Why does the B pole of this circuit have voltage?

From +24v down through a P/N junction voltage drop. Although there is no current, it is normal. If it is not 23.5V, there is a problem. Q7 B-E indirect 10M ohm resistor can be easily verified by simulation. In addition, Q7 is not turned on, and Q8 emitter can be easily verified by connecting a 1K resistor to ground.

The voltage drop of PN junction is 0.4-0.7, the parameters of the picture are not right, input 24 output 23.5 can not use this circuit.

How do I think it is right? The first picture, Q8, is on, so the Q7 B pole is initially low, so Q7 is also on. Does the output go higher and the B pole also goes higher;

The second picture, if left unconnected, will also leak out.

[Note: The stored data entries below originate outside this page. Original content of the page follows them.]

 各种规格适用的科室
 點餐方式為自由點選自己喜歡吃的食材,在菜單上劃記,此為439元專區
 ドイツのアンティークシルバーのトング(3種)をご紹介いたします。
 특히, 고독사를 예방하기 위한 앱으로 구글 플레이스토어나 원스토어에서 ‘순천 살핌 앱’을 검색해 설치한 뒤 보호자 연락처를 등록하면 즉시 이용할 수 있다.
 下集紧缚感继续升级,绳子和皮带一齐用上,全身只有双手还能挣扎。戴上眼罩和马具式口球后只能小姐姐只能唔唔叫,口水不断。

Appropriately reduce the LDO input voltage, share power consumption, avoid excessive temperature rise of a single device, and avoid the use of heat sinks.

In Figure 2, the collector current of Q8 is the base current of Q7, so Q7 is always on. When turned on, the output voltage of the circuit (ie Q8 emitter) is equal to the base potential of Q8 minus a P/N junction voltage. What is the base potential of Q8? Obviously, the two 18V series voltage regulators at its base are in the cut-off state, so the base potential of Q8 is equal to +24V minus Ib * (R13 + R4), Ib is extremely small and can be ignored, so the output voltage is +24V-Vbe, About 23.5V.

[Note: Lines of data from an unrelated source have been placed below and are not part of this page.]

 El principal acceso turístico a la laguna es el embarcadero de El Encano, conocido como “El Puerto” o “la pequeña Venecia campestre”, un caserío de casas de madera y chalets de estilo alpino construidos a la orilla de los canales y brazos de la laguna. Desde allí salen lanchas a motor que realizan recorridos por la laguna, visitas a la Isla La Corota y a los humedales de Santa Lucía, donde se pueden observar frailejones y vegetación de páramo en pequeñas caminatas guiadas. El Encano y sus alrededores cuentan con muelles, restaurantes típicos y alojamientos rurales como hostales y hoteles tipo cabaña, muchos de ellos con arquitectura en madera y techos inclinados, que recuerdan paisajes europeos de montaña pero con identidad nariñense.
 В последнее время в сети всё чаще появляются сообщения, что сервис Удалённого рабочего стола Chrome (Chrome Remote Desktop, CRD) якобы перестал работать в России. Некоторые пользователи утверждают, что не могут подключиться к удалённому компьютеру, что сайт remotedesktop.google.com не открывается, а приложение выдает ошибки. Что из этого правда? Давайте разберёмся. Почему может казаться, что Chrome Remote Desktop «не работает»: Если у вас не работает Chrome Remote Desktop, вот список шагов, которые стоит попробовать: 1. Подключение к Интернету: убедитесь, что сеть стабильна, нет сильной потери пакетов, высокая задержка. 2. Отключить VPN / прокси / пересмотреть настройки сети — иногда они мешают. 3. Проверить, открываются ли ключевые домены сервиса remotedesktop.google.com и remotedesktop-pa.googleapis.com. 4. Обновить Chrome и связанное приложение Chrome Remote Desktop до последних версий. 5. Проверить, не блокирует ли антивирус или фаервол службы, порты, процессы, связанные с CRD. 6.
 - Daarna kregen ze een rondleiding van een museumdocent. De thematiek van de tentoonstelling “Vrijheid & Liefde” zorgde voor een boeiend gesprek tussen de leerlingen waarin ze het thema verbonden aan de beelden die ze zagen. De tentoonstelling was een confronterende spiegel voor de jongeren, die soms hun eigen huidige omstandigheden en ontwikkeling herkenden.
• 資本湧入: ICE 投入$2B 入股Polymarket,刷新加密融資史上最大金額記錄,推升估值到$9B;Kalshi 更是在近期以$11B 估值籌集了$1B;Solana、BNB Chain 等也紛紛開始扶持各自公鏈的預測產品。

This circuit can be regarded as an emitter follower with a very high current gain connected by two complementary transistors. The current gain is about the product of the β values of the two transistors. Therefore, in a large load current range, you can choose the Q8 base The voltage can get the required output voltage. For example, if you short-circuit an 18V regulator in the figure 201, you will get a regulated power supply of about 17.5V.